Return the following data exactly, with all pictures left out.
#### Given data
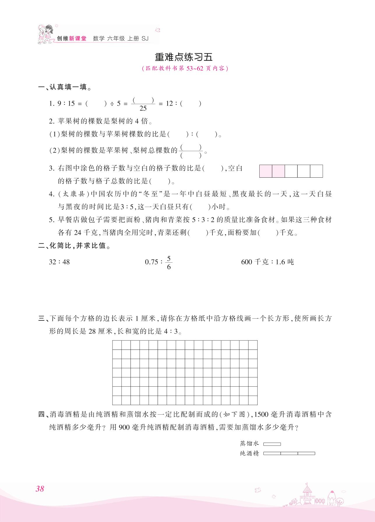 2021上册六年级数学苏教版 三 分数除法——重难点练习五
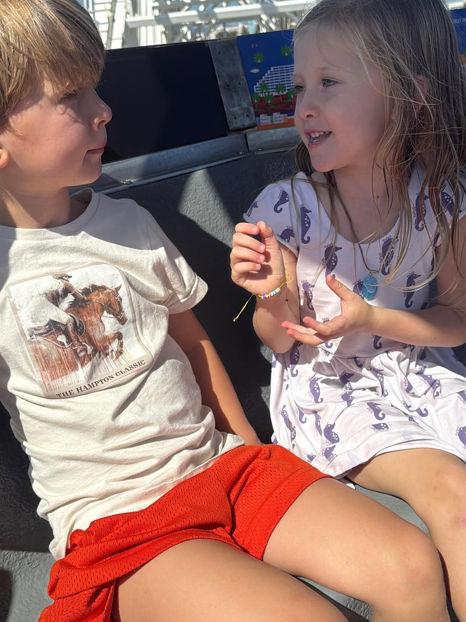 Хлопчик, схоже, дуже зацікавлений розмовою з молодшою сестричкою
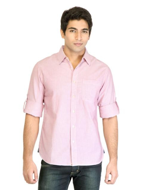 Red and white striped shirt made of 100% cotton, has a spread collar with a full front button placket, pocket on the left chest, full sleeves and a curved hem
########
--- Solution below ---
 2021上册六年级数学苏教版 三 分数除法——重难点练习五
 Хлопчик, схоже, дуже зацікавлений розмовою з молодшою сестричкою
 Red and white striped shirt made of 100% cotton, has a spread collar with a full front button placket, pocket on the left chest, full sleeves and a curved hem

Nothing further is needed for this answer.